In a patch test study with human volunteers no information was available concerning gender and health status as well as a possible allergic predisposition of the test persons. Of the 12 persons tested three of them showed no, seven doubtful and two a positive reaction after an exposure period of 24 hours. No skin reactions were evident after 48 and 72 hours, respectively. The results observed in the human patch test were interpreted as an irritating rather than a sensitising effect and it was concluded by the authors that sensitisation might occur more frequently due to prolonged and close skin contact of pads containing the substance (Sterry and Schmoll 1985). However, due to both the poor description of the study and the very weak irritating potential of the compound a verification of the results described is lacking. [modified from OECD SIDS Dossier]

2,4-Pentanedione was tested for its ability to induce skin sensitization in an OECD 429 Local Lymph Node Assay (LLNA). Based on the results of the preliminary test the test item Acetylacetone was assayed for sensitising properties at concentrations of 12.5%, 25% and 50% (v/v). The vehicle used was Acetone/Olive Oil (AOO). Each mouse was treated by topical application of the prepared test item to the entire dorsal surface of each ear once daily over three consecutive days. Five days after the first topical application all mice were injected intravenously with 3H-methyl thymidine.
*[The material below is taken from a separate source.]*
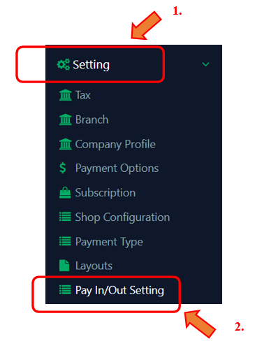 To enter ‘Pay In/Out Setting’ main page, follow the following steps:
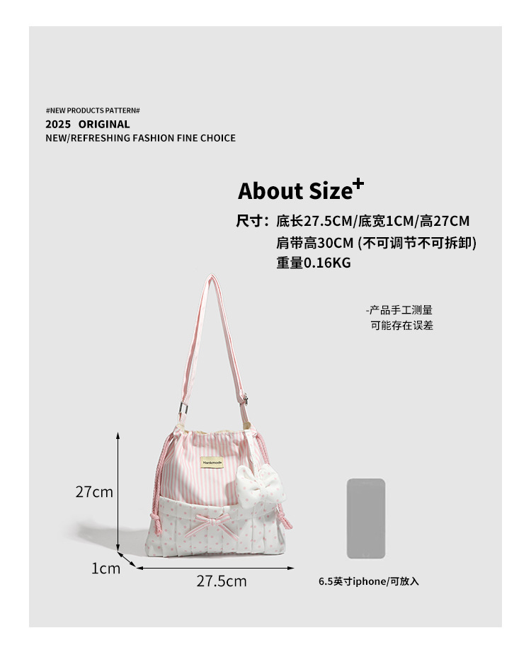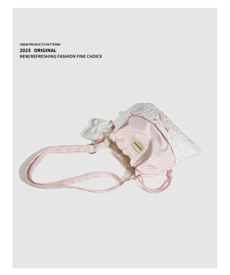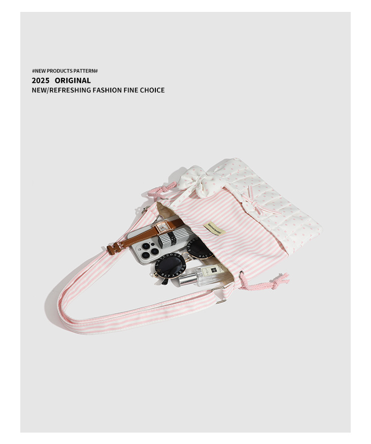 달콤하고 높은 가치의 활 줄무늬 어깨 크로스 바디 백 여성 틈새 패션 올 매치 디자인 달콤한 소녀 토트 백

None of the three tested concentrations of the test item reached the stimulation index of 3. The stimulation index at a concentration of 12.5% was 0.9, the stimulation index at a concentration of 25% was 0.6 and the stimulation index at a concentration of 50% was 0.8. The EC3 value could not be stated, as all measure points were below the stimulation index of three. Results of radioactivity determination are supported by the second endpoint, means of the lymph node weights per group, which did not show dose-related increased values compared to negative control values as well. Considering the reported data of this sensitisation test it can be stated that the test item Acetylacetone causes no reactions identified as sensitisation, as the stimulation index was below 3.0 for each concentration tested (Wacker, 2009).

 

 

Migrated from Short description of key information:
From a volunteer study no clear assessment could be made concerning the question of skin sensitizing properties of 2,4-Pentanedione. A LLNA test performed with this material did not show any sensitizing properties of 2,4-Pentanedione.

Respiratory sensitisation

Endpoint conclusion

Additional information:

not assessed

Migrated from Short description of key information:
not assessed

Justification for classification or non-classification

From a volunteer study no clear assessment could be made concerning the question of skin sensitizing properties of 2,4-Pentanedione. A LLNA test performed with this material did not show any sensitizing properties of 2,4-Pentanedione. Therefore the properties of Acetylacetone are not sufficient to classify the substance as to the endpoint of skin classification.